Thursday, August 30, 2012

WRONG VIDEO FOOTAGE: TV channels show 2007 Kuwait air crash video, pass off as Jamnagar collision

On December 8, 2007, during an air show in Kuwait, two choppers collided mid-air leading to the death of all on board. A live video of the event was uploaded on video sharing website YouTube and has been viewed by close to 25,000 people so far. Several news channels aired the same film passing it off as live footage of Thursday’s mid-air collision of two Indian Air Force choppers in Jamnagar. 

The wrong footage ran for close to 20 minutes on some news channels. It all began with a regional news channel, TV9 Gujarat, airing the Kuwaiti video ostensibly to explain to its viewers what the Jamanagar collision may have looked like.

“While we were still trying to source the original footage, our team, in a bid to explain to our viewers what the Jamnagar collision may have looked like, picked up this old footage and aired it with the disclaimer that it was a file footage (old video). Our anchor mentioned it in the commentary that it was an old video,” said Kalpak Kekre, head of TV9 Gujarat. Kekre said that mainstream news channels that picked up the video may not have understood Gujarati and mistook it to be the live video of the Jamnagar collision.

The result was frantic reports of the mid-air collision accompanied with the incorrect video running across channels such as Times Now, Headlines Today, Aaj Tak, India News.

Times Now’s Editor-in-Chief Arnab Goswami did not respond to a text message. Headlines Today’s Managing Editor Rahul Kanwal refused to respond, saying: “As a company policy, journalists in our organization do not respond to questions from other journalists.”

India News’s Managing Editor Vinod Kapri admitted that his channel aired the footage for about “four seconds”. “The swaying palm trees in the background and choppers that didn’t look like IAF MI helicopters made us suspect that it was a wrong footage.
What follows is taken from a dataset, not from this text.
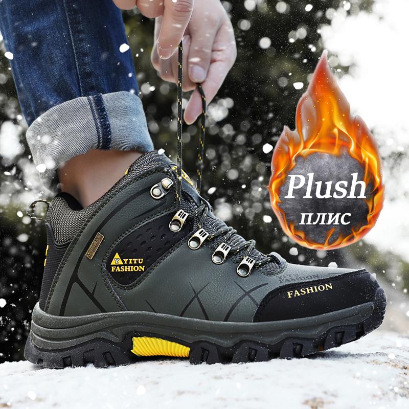Зимние мужские ботинки для снега, водонепроницаемые кожаные кроссовки, супер теплые мужские ботинки челси, нескользящие мужские походные ботинки, размер 39-47

We took it off within four seconds and apologized for the error,” said Kapri, adding that he immediately called a few other news channels apprising them of the error.
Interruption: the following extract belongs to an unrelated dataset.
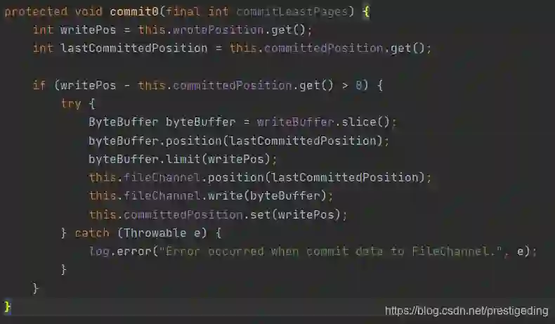 尽管 RocketMQ 与 Kafka 都支持 FileChannel 方式写入,但 RocketMQ 基于 FileChannel 写入时调用的 API 却并不是 transferTo,而是先调用 writer,然后定时 flush 刷写到磁盘,其代码截图如下:

TV9 said that mainstream news channels routinely pick up reports or footage of regional events from local news channels without permission. “It is normal among mainstream news channels to take reports or footage of local events without checking with us. In today’s incident again, nobody checked with us if the footage was live and now they are blaming us for it,” said a senior editor of TV9.